Epistemic status: I’m generally pro disambiguations in parentheses, I was the one who advocated we borrow the practice from Wikipedia. I’m really not sure in the case between Calibration and Calibration (Probability), so I’m just trying to think through this with others.
The tag description is this:
Do the events that you give a 70% probability in advance, actually end up happening 70% of the time?
It’s pretty brief, I’m guessing that didn’t clarify enough. I actually suspect here that if the description had been like the following, clarification wouldn’t have been necessary. Raemon?
Someone is probability or credence calibrated if the things they predict with 70% chance of happening in fact occur 70% of the time. Importantly, calibration is not the same as accuracy. Calibration is about accurately assessing how good your predictions are, not making good predictions. Person A, whose predictions are marginally better than chance, e.g. 60% of them come true, and who knows that, is well-calibrated. In contrast, Person B, whose predictions are 90% accurate, yet thinks they are 99% accurate, is more accurate than Person A while being less well calibrated.
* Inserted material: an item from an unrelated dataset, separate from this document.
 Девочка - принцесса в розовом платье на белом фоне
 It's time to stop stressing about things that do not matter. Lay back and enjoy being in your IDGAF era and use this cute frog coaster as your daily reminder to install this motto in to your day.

Knowing how good your predictions are is a key rationalist skill. Among other things, being calibrated lets you make good bets [Link to Betting tag]/make good decisions [link Planning & Decision-making tag], communicate information helpfully to others if they know you to be well-calibrated [link to Group Rationality], and helps prioritize which information is worth acquring [link to VoI tag].
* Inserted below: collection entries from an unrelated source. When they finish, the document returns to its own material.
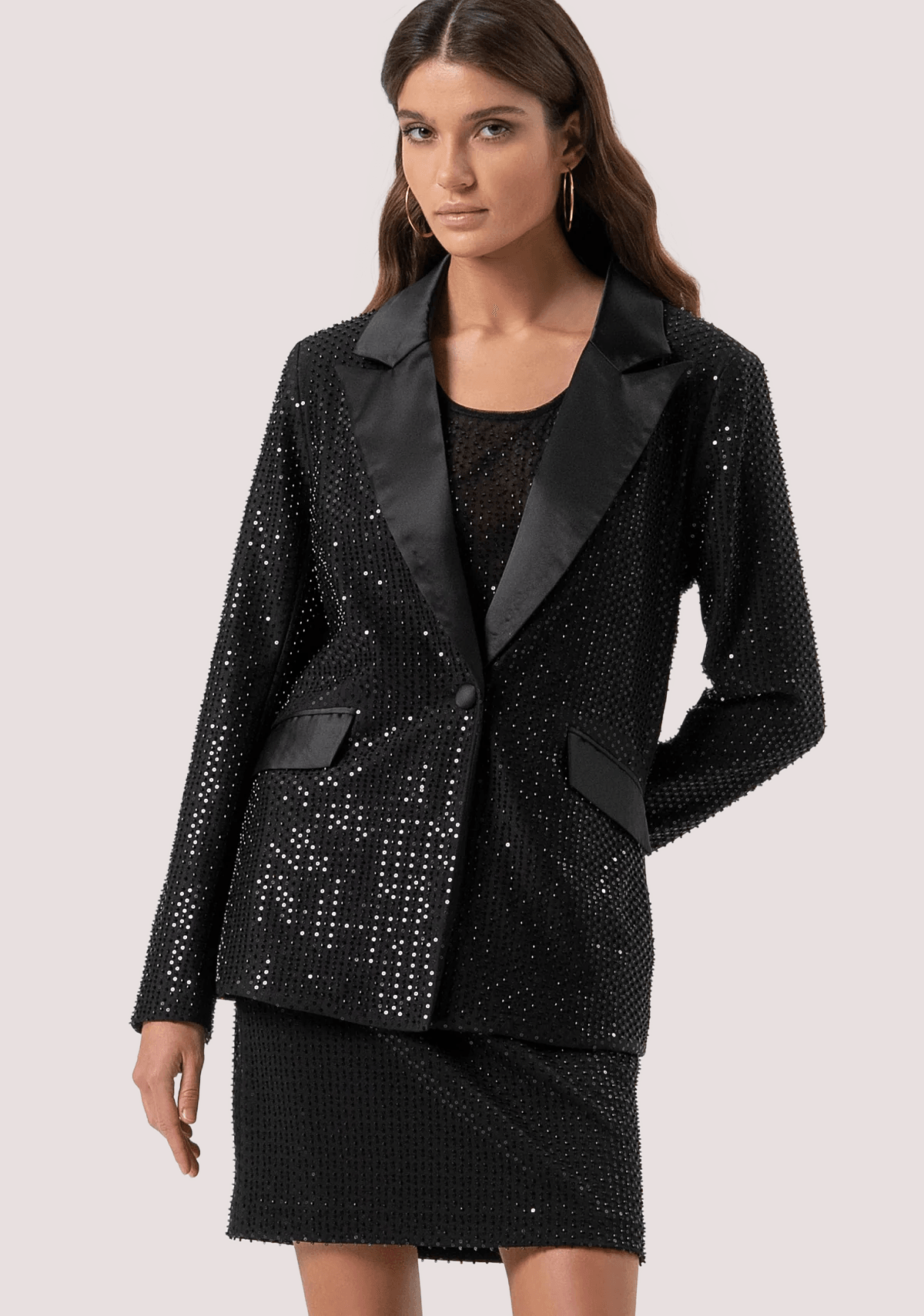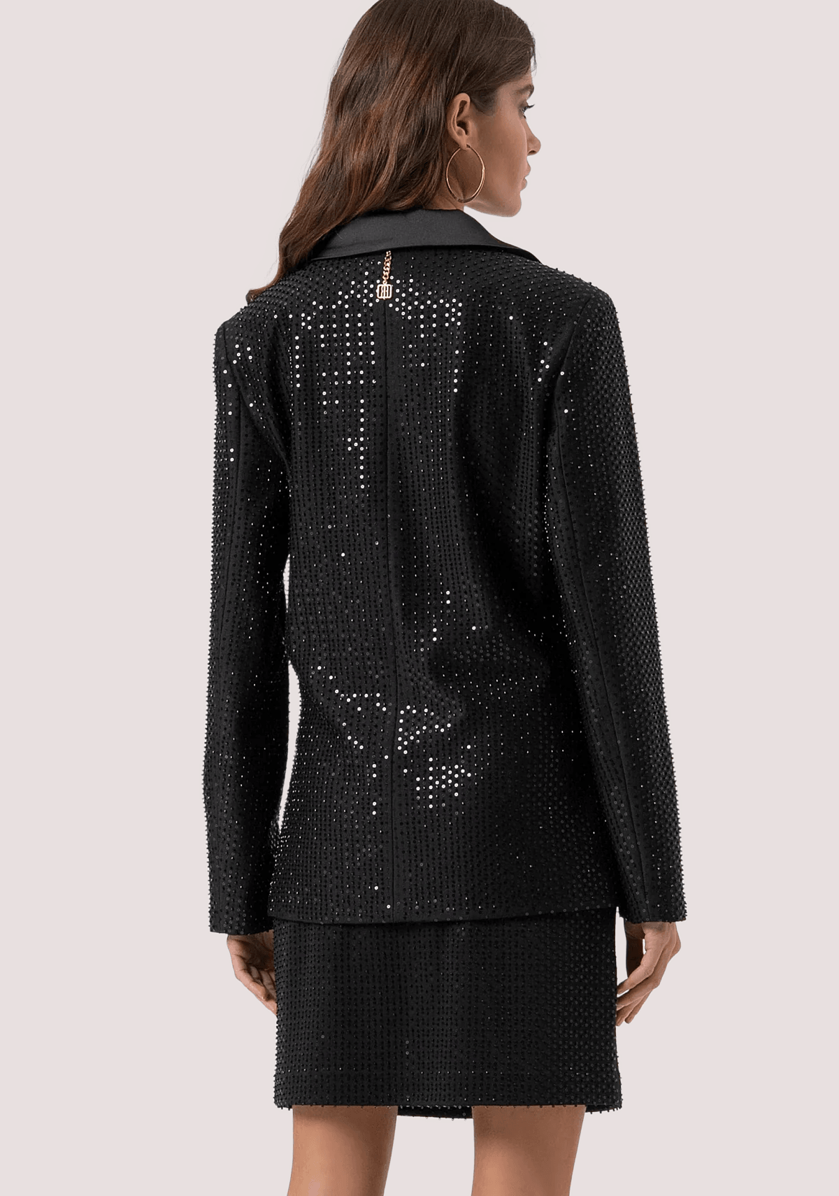 Blazer regular lungo monopetto con strass, revers a lancia in raso, tasche con pattina, e con maniche lunghe.
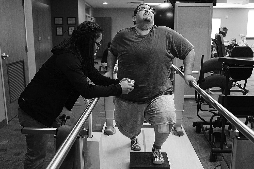 Garcia的第一次膝关节置换手术很成功,他开始接受术后的物理治疗。
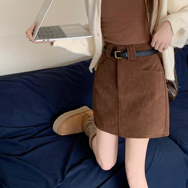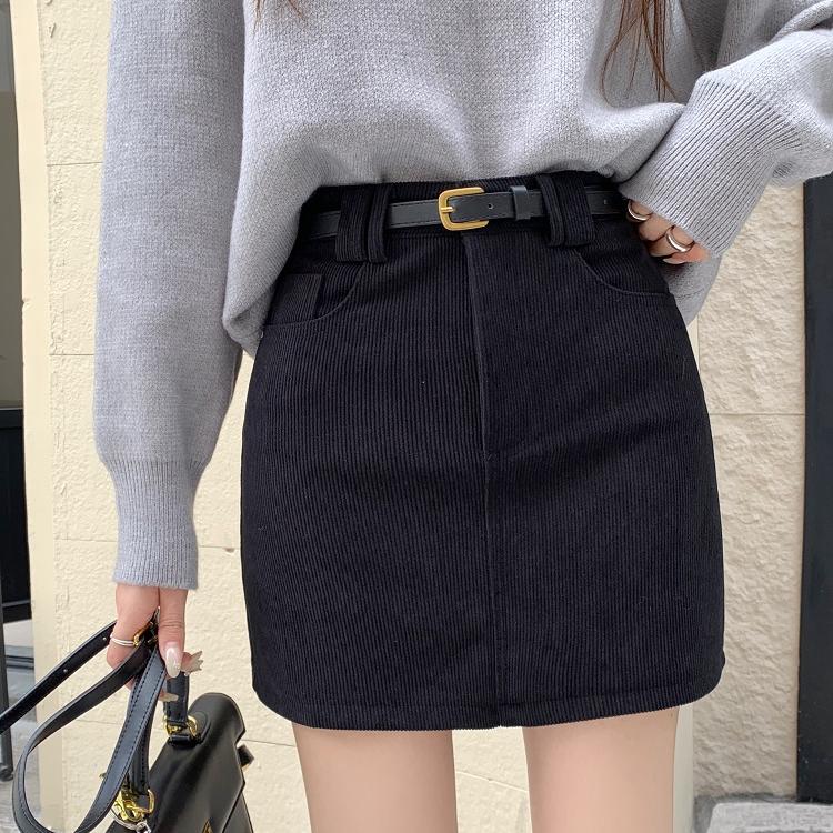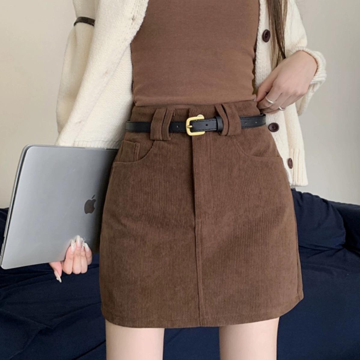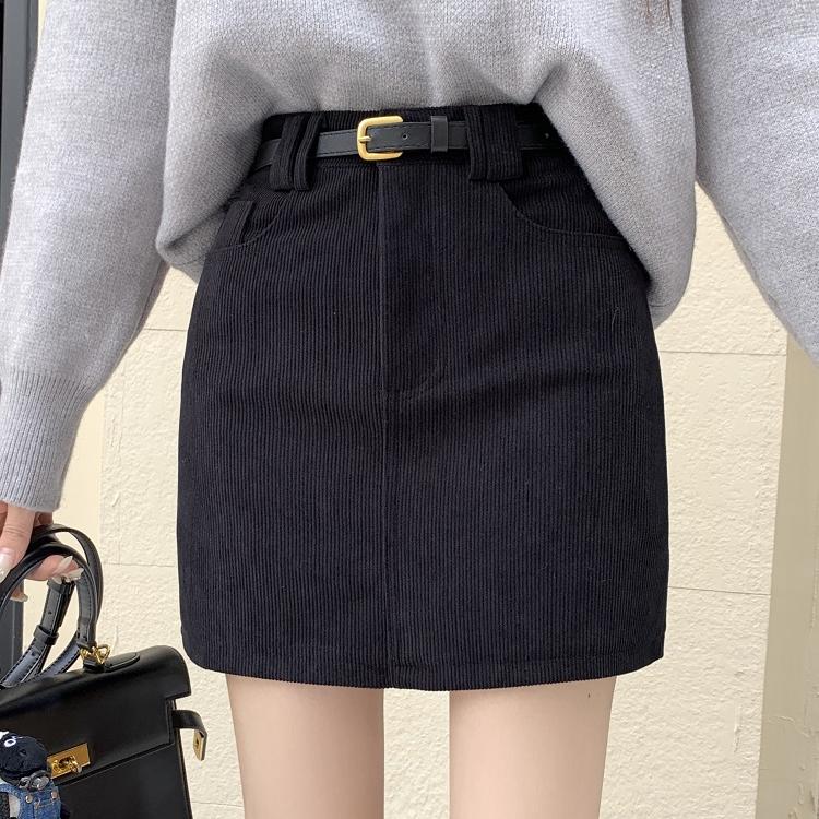 大码咖色灯芯绒半身裙女秋冬黑色短裙小个子高腰显瘦包臀裙a字裙

Note that calibration applies to all expressions of quantified confidence in beliefs/predictions [reference: Anticipate Experiences]. For example, calibration applies to whether a person’s 95% confidence intervals capture things 95% of the time. Or if their 80% chance of completion estimates are met 80% of the time (not much more or less). Trivially, odds ratio placed on things are convertible to probabilities.
See also: prediction & forecasting
I think this makes it much clearer that “tends to be correct” is always a quantitive/probabilistic statement beneath the hood.
Hmm, what this makes me think is really it’s about calibrating credences, which isn’t standard jargon anyway. So maybe just plain “Calibration” is better than “Probability”.Or maybe Calibration (belief strength)?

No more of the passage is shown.